HILTON HEAD, SOUTH CAROLINA

JOAN vT ALEXANDER: Thank you, Davis, for joining us for a few minutes. Good day today, but it ended on a good note with those two birdies coming in.

DAVIS LOVE: It was a good finish, and really hit just a couple of bad shots on the front 9 and never really got anything going. And the back 9 was just kind of boring. I hit it in the rough a couple of times, just off the edge of the green a couple of times, and had longer putts, didn't seem like the ball wanted to get real close to the hole today in that wind for me, at least. And I hung in there until the end.

And I was patient and got a good chip in at 17, which was probably the closest I've been to the hole for the back nine. But maybe it was better that I was chipping rather than putting.

And then 18, hit two good shots and made a nice putt there. It was a great way to finish. And I was real patient today, and I think that's the best thing I did. I didn't get frustrated.

I hit a bad 3-iron at 2, and it hit the trees and went out-of-bounds, which was a little bit of -- it was a bad swing and a bad break, and made bogey. And that -- that got me off to kind of a sour start.

But then birdied 5. And then hit one at 6, same thing, just pulled it a little bit and it ran through into the sand by the cart path, and didn't get it up-and-down. And other than that, just nothing really happened all day until the end.

Q. How difficult is it to stay patient on a day like that?

DAVIS LOVE: It's hard. Well, today was the day you couldn't just reel off five or six in a row and get yourself back in it. You had to just hang in there and not force it. Because this course, if it's calm, you can put yourself in the right position to hit at every green. But when it's windy, even good shots you get behind trees.

I laid up at 15 with more club than my brother wanted me to hit and got -- the wind turned around into me, and it came up too short and I had to go over the tree rather than having a straight shot at the fly for my third. It's just tricky in there. You can hit good shots and not get good results, and hit good drives and have them go through the fairway where the day before they might have stayed right in there without the wind. It was a good day to be patient. And obviously if you played well, you could shoot a good score. If you didn't hit it right, it was a lot harder than yesterday.

Q. Just how good is Phil's 64? I know he played the back first and probably ducked some of the wind.

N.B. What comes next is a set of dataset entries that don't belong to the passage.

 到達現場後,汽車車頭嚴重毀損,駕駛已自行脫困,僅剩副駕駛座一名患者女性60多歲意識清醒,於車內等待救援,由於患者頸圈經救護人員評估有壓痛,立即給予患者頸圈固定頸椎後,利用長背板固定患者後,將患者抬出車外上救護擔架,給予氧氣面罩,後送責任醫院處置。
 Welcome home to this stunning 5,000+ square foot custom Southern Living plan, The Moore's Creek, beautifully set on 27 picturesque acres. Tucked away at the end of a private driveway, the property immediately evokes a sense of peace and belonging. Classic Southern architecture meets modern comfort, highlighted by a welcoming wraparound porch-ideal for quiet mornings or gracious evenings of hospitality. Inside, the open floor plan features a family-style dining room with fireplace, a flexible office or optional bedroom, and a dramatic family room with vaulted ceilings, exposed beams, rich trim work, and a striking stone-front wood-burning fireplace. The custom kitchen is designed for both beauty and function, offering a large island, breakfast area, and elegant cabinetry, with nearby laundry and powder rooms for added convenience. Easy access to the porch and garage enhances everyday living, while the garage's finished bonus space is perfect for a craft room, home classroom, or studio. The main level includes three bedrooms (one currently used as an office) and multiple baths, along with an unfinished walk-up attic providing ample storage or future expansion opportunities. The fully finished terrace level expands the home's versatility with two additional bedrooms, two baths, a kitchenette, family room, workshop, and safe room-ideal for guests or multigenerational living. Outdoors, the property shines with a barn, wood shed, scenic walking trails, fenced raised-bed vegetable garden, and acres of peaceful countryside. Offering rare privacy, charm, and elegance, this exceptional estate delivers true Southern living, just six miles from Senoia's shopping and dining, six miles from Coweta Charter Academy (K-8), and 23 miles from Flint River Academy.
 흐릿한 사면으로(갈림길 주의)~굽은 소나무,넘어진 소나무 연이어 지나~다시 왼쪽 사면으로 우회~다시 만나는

DAVIS LOVE: He didn't duck much of it. Probably equal to the score I shot yesterday, because it played three shots harder, probably, especially for us. Because yesterday morning the first nine or ten holes was just dead still. And that was a heck of a round. And I know he's playing really, really well. So I wouldn't expect anything less out of him.

JOAN vT ALEXANDER: Can we go through your round? You did 2. No. 5?

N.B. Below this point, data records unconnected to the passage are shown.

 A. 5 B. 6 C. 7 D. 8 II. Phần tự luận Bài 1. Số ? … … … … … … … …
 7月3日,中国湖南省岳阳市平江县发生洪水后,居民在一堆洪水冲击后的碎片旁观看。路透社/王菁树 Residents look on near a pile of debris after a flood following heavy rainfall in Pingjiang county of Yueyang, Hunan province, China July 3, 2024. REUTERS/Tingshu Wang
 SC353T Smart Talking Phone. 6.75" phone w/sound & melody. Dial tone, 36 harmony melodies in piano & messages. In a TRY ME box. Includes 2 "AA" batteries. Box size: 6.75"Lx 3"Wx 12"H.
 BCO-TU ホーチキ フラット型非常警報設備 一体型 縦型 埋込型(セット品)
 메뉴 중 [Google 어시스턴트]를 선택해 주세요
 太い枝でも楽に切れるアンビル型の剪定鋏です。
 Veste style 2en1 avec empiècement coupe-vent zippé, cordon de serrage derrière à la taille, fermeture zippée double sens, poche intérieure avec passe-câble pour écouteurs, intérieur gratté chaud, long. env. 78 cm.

DAVIS LOVE: 5, a driver and a 6-iron to about 30 feet, 2-putt.

6, 3-wood off the tee, ran through the -- behind that big oak tree in the sand by the path and hit a pitching wedge but thinned it and it went over the green, hit a bad pitch shot about 30 feet by and made bogey.

And 7, a 5-iron to about ten feet.

17, 7-iron just ran off the edge of the green right at the corner of the bunker, and I was probably 25 feet away, 30 feet away, chipped in.

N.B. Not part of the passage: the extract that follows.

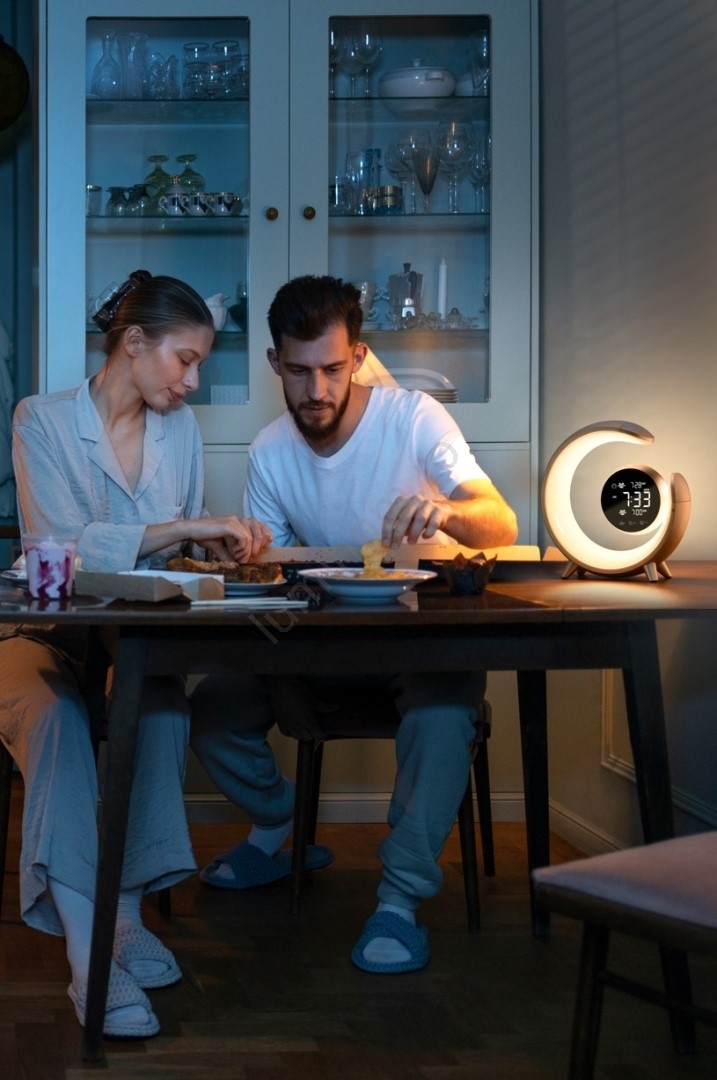 • Lampă de birou LED RGBW cu intensitate reglabilă și ceas deșteptător PEACOCK LED/20W/5V USB

And 18, a 4-wood off the tee and a 9-iron to about 25 feet and made that.

Q. When it gets going really low, fast, do you have to learn how to handle that or not get too aggressive or not back off?

DAVIS LOVE: You have to try not to think about it is I think -- try not to keep score. I know it got me yesterday on 18. Really the worst putt I hit all day was on 18, my 9th hole, when I realized par was 30 and I was putting for 29 rather than putting another putt, like I had been making them all the way through for 8 holes.

So you've just got to -- you always try to downplay it or put it out of your mind, especially here. The score boards are on top of the green. You hear them clicking while you're putting, so it's hard not to look at them. You've got to put it out of your mind and look at every hole as an opportunity to make a birdie and not anything else.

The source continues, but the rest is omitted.